Do Not Be Anxious : Hannah Yoon

 

Matthew 6:31-34 (ESV)

31 Therefore do not be anxious, saying, ‘what shall we drink?’ or “What Shall we wear?’ 32 For the Gentiles seek after all these things, and your heavenly Father knows that you need them all. 32 But seek first the kingdom of God and his righteousness, and all these things will be added to you. 34 “Therefore do not be anxious about tomorrow, for tomorrow will be anxious for itself. Sufficient for the day is its own trouble.


On January 1, after the Grace Church New Year service, we were given the opportunity to choose a random bible verse card to take home with us and meditate on throughout the year. The one I chose blindly was this:

“Therefore do not be anxious about tomorrow, for tomorrow will be anxious for itself. Sufficient for the day is its own trouble.” (Matthew 6:31-34)

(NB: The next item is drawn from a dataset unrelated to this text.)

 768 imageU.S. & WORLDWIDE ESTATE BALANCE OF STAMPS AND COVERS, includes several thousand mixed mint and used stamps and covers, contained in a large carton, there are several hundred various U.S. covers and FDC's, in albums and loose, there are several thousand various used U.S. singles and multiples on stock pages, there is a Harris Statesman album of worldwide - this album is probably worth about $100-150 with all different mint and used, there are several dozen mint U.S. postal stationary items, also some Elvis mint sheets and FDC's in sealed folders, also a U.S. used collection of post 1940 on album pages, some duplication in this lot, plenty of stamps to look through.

This year, I turn 29 years old, which means I am very close to turning 30. There is something with getting older that is exciting and I have great expectations for it. The older you are, the wiser you become. Older people have more security. Older people have more independence. 30 is also the new 40! And though I have been excited for this moment for the past six years, I am also filled with a creeping, crippling anxiety.

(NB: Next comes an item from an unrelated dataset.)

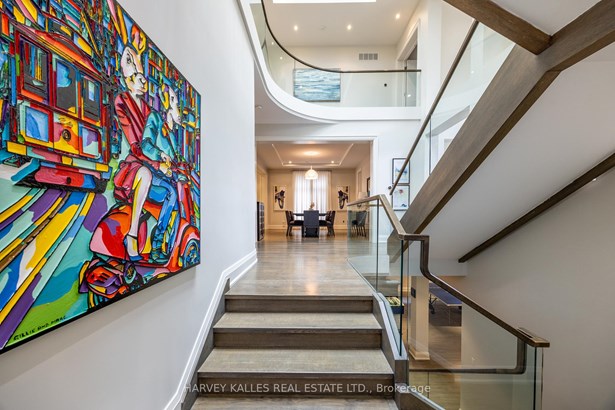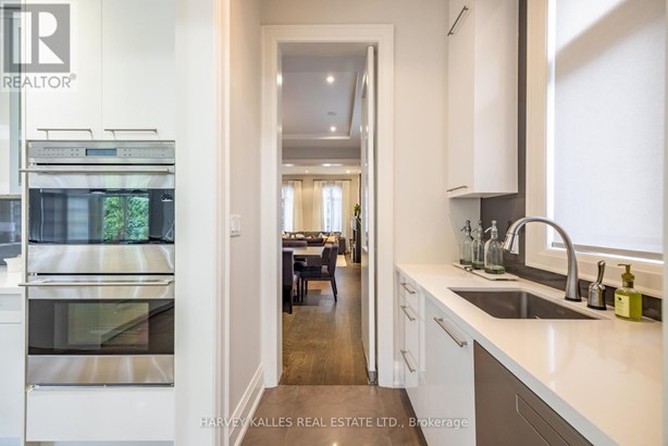 Welcome to Quatorz Sulgrave, a custom luxury home in the prestigious St. Andrews neighbourhood of Toronto. Completed in 2014 by Rostek Homes with classic architecture by David Wooldridge and modern transitional interiors by CMID, this residence offers approximately 7,900 Sq. Ft. of total living space, including ~ 5,000 Sq. Ft. above grade, on a 90' x 125' lot. Designed with timeless elegance, the Indiana limestone façade and professionally landscaped gardens set the stage for refined living. Inside, 10' ceilings, oak hardwood floors, Savaria elevator, applied mouldings, and custom millwork showcase exceptional craftsmanship. The main floor blends formal and family living with a living/dining room, study, and an open-concept chef's kitchen featuring Sub-Zero/Wolf appliances, quartz waterfall island, butler's pantry, and breakfast area overlooking the two-storey family room with soaring 20' ceiling and linear fireplace. The upper level offers 4 vaulted bedrooms with ensuites, including a serene primary retreat with fireplace, dressing room, and 7-piece spa-inspired ensuite. The finished lower level includes a recreation room, games room, wet bar, fifth bedroom/gym, cedar closet, arcade, and cold cellars. Outdoor living is enhanced with stone interlock, outdoor kitchen/wet bar, fenced yard, and standby generator. Additional features: 4-car built-in garage with EV charger, 6-car drive, smart home wiring, built-in speakers, alarm and camera system, and dual furnaces & A/C. Ideally located near Bayview Village, The Granite Club, Highway 401, and some of Toronto's top private and public schools. A rare opportunity to own a custom-built St. Andrews luxury home of enduring style, exceptional quality, and unparalleled convenience.

I can’t speak for the experience of others, but for me, getting older has come with many societal expectations. Years ago, I thought that I would have been living on my own, married, and perhaps even with a child by the time I turned thirty. I have none of these things so far, and this has been a source of stress, especially in the past couple of years. I’ve cried more tears from feeling lonely, unloved, and unwanted than I’d like to admit. I’m ashamed to tell people that I “still live at home, with my parents and dog” because I assume that the person with whom I’m speaking will think I am immature. Each time I share about my living situation and my inexistent marital status, I try to speak past these things quickly so that I don’t have to explain myself or think about it.

Faced with these pressures, I decided to put my fate in my own hands. I tried to seek a partner through my own ways and in the ways that are so normal in our secular culture, but by doing that I started to justify my sins and become complacent and numb. Then, these romantic partners were not turning into potential husbands, and I was repeatedly rejected. With each rejection came pain that became feelings of worthlessness. Having to go to family gatherings also brings pain, because at every family reunion, I, and my single status, become a topic of interest.

I’ve tried to tell myself that I trust in God’s timing and God’s plan, but when I look to my future goals and desires, I am crushed that things are not going the way I had planned. For the past year, I would repeatedly fall into a spiral of anxiety and experience waves of loneliness, worthlessness, bitterness, and jealousy of others.

God says that we should not be worried about our future, but that we should seek first God’s kingdom and righteousness. For the past couple of years, my focus has been on me and the things I wanted for myself, and when things don’t go the way I plan, I become anxious. Instead, He has reminded me that the most important thing I should focus on is my relationship with God every single day, be grateful, and find my fulfillment in Him.

Though I’ve been going through waves of anxiety and bitterness about this current state of affairs, I know God is using this time of uncertainty to remind me of the only thing that is certain—that despite the circumstances, God is still the same God, yesterday, today, and forever. God loves me so much that He gave His Son, Jesus, who died on the cross for my sins, even those that I have a hard time confessing, and he gives me hope that one day we will join Him in eternity. The most important future I should be anticipating is that day when I am reunited with Him. Therefore, I pray that I will let go of the anxieties and bitterness that come with my desire to control the future and instead trust what God has in store for me.